Die Mutter breitet hastig Zeitungspapier auf dem Küchentisch aus. Sorgsam cremt sie die Schuhe ein und wienert sie anschließend am offenen Vorratsfenster blitzblank. Der Wind bläst Schneeflocken auf die Fensterbank und der Mutter ins Gesicht. Sie schließt das Fenster und trocknet mit ihrem Schürzenzipfel das Gesicht. „Hier“, sagt sie zum Bruder und reicht ihm die sauberen Schuhe. Der Bruder zieht die Schuhe an, es dauert, es sind hohe Schuhe mit Hakenverschluss. Gekonnt schnürt er sie überkreuz, zieht die Schnürbänder mit einem Ruck fest und bindet eine Schleife. Die kleine Schwester kniet auf dem Küchensofa und sieht ihm versonnen zu. „Heute wirst du weit laufen müssen, du brauchst festes Schuhwerk“, sagt die Mutter „ und warme Kleidung.“
Der Bruder zieht im Flur Jacke, Schal und Mütze an und beeilt sich aus dem Haus zu kommen. Die kleine Schwester hüpft vom Sofa und läuft ins Schlafzimmer. Vom Fenster aus sieht sie dem Bruder nach, bis ihn das Schneegestöber verschluckt. Die Mutter sagt: „Heute bringen die heiligen drei Könige Gottes Segen in die Häuser. Dein Bruder ist auch ein König.“ Die kleine Schwester bleibt am Fenster. Der Bruder ein König? Sie wartet am Fenster. Die Mutter sagt: „ Das kann dauern, bis sie zu uns ins Tal kommen.“ Es dämmert schon, als drei Gestalten die Treppe zur Haustür hochsteigen.
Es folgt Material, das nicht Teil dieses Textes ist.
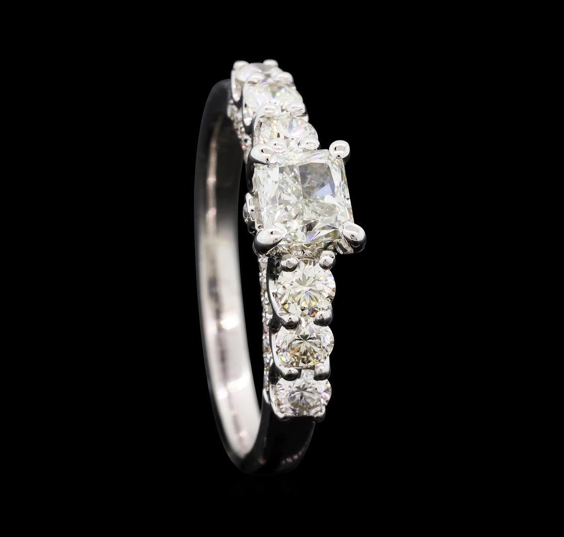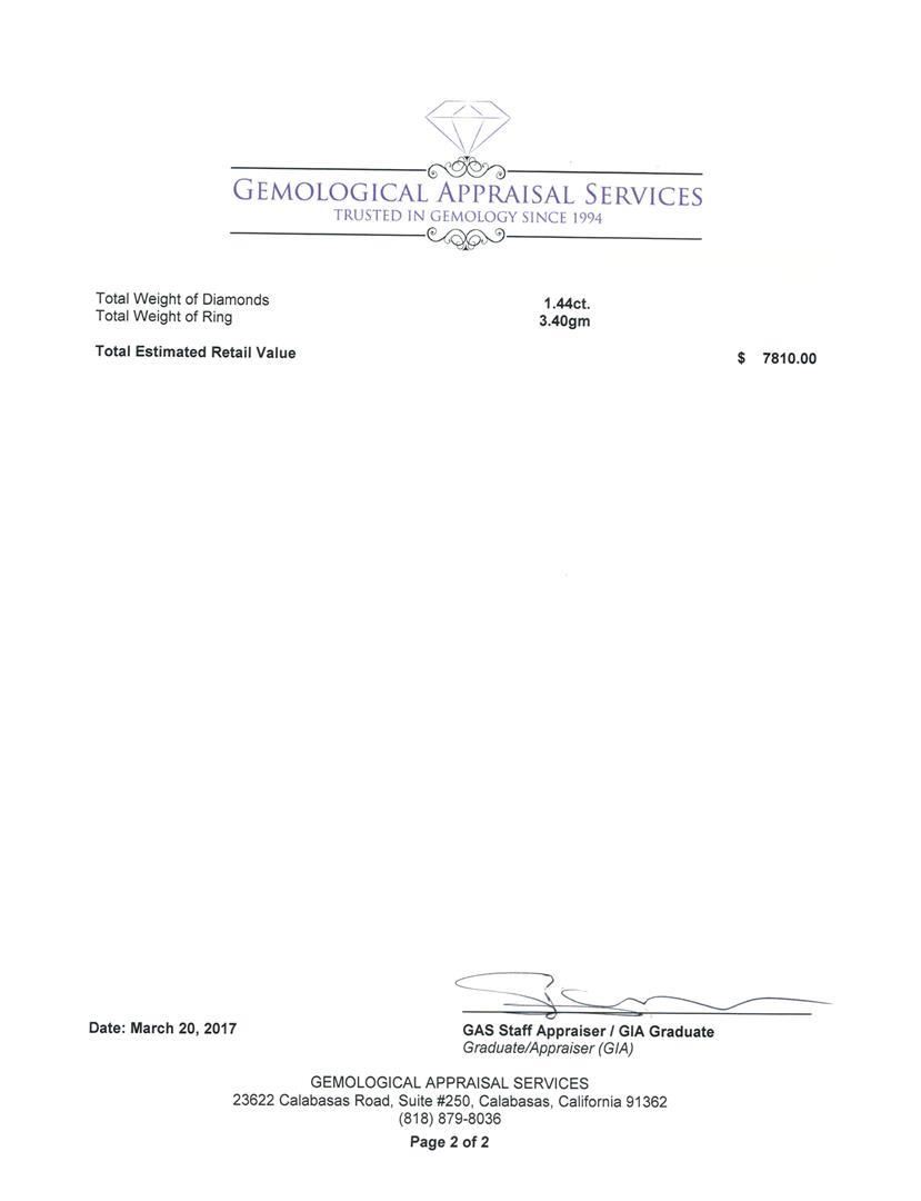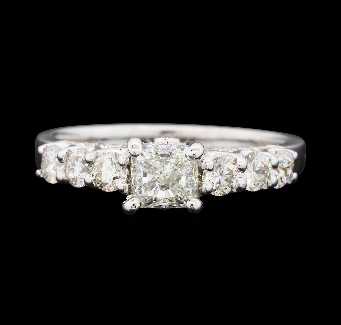 One electronically tested 14KT white gold lady's cast wedding ring with a bright polish finish. The featured lady's ring has a shank measuring 2.00 millimeters wide. Identified with markings of '14K'. Condition is new, good workmanship. Containing: One prong set princess cut diamond, measuring 4.78 x 4.60 x 3.46mm (depth est.) , 10.00.%. GTCF approximate weight of 0.72ct. The featured princess cut diamond has cut corners. Graded in the setting. Color H - I Clarity SI-1 Cut Good Six prong set round brilliant cut diamonds, measuring 2.90 - 2.80 x 1.77mm (depth est.) approximate total weight of 6 Stones = 0.53ct. Graded in the setting. Color H - I Clarity VS-2 to SI-1 Cut Very Good Two bezel set round brilliant cut diamonds, measuring 1.50 - 1.40 x 0.90mm (depth est.) approximate total weight of 2 Stones = 0.02ct. Graded in the setting. Color H - I Clarity SI-1 Cut Good Thirty-Four prong set round brilliant cut diamonds, measuring 1.15 - 1.05 x 0.68mm (depth est.) approximate total weight of 34 Stones = 0.17ct. Graded in the setting. Color H - I Clarity SI-1 to I-1 Cut Good. Total Weight of Diamonds 1.44ct.. Total Weight of Ring 3.40gm GAS Appraised.

Die Mutter öffnet die Haustür. Vor lauter Aufregung erkennt die kleine Schwester den Bruder nicht sofort, aber dann doch. Er trägt ein langes Gewand und hat eine Krone auf dem Kopf. In der Hand hält er einen langen Stil, an dem ein großer goldener Stern befestigt ist. Der zweite König ist schwarz im Gesicht. Auch er trägt ein langes Gewand und eine Krone. In der Hand hält er eine Dose. Der dritte ist auch ganz prächtig gekleidet, wie die beiden anderen, aber seine Krone ist etwas kleiner und in der Hand hält er einen Stoffbeutel, an dem er schwer trägt.
„ Wir sind drei Könige aus dem Morgenland, mit einem Stern von Gott gesandt. Der Stern war groß und wunderbar und leuchtet wie die Sonn‘ so klar“, singen die heiligen drei Könige. Die kleine Schwester ist ganz und gar hingerissen und kann den Worten nicht weiter folgen. Dann endet der Gesang und mit fester Stimme sprechen die drei Heiligen: „Wir drehen den Stern und loben den Herrn, auf Wiedersehen bis zum nächsten Jahr.“ Und während Sie sprechen, dreht der Bruderkönig feierlich den Stern. Die Mutter nimmt aus ihrer Schürzentasche ein Fünfmarkstück und steckt es in die goldene Büchse. „ Wartet“, sagt sie und holt aus der Küche noch eine Tafel Schokolade. Die gibt sie dem König, der den Stoffbeutel trägt. Der schreibt mit Kreide etwas an die Haustür. „Den Segenswunsch“, erklärt die Mutter. Sie bedankt sich bei den Dreien, die machen kehrt und ziehen weiter.
Es ist schon dunkel, als der Bruder nach Hause kommt. Er ist müde und mürrisch. Er setzt sich an den Küchentisch, wird von der Mutter mitfühlend bedient. Der kleinen Schwester wirft er einen unfreundlichen Blick zu. Die Schwester erschrickt. Das ist nicht der König von eben, das ist der Bruder wie immer.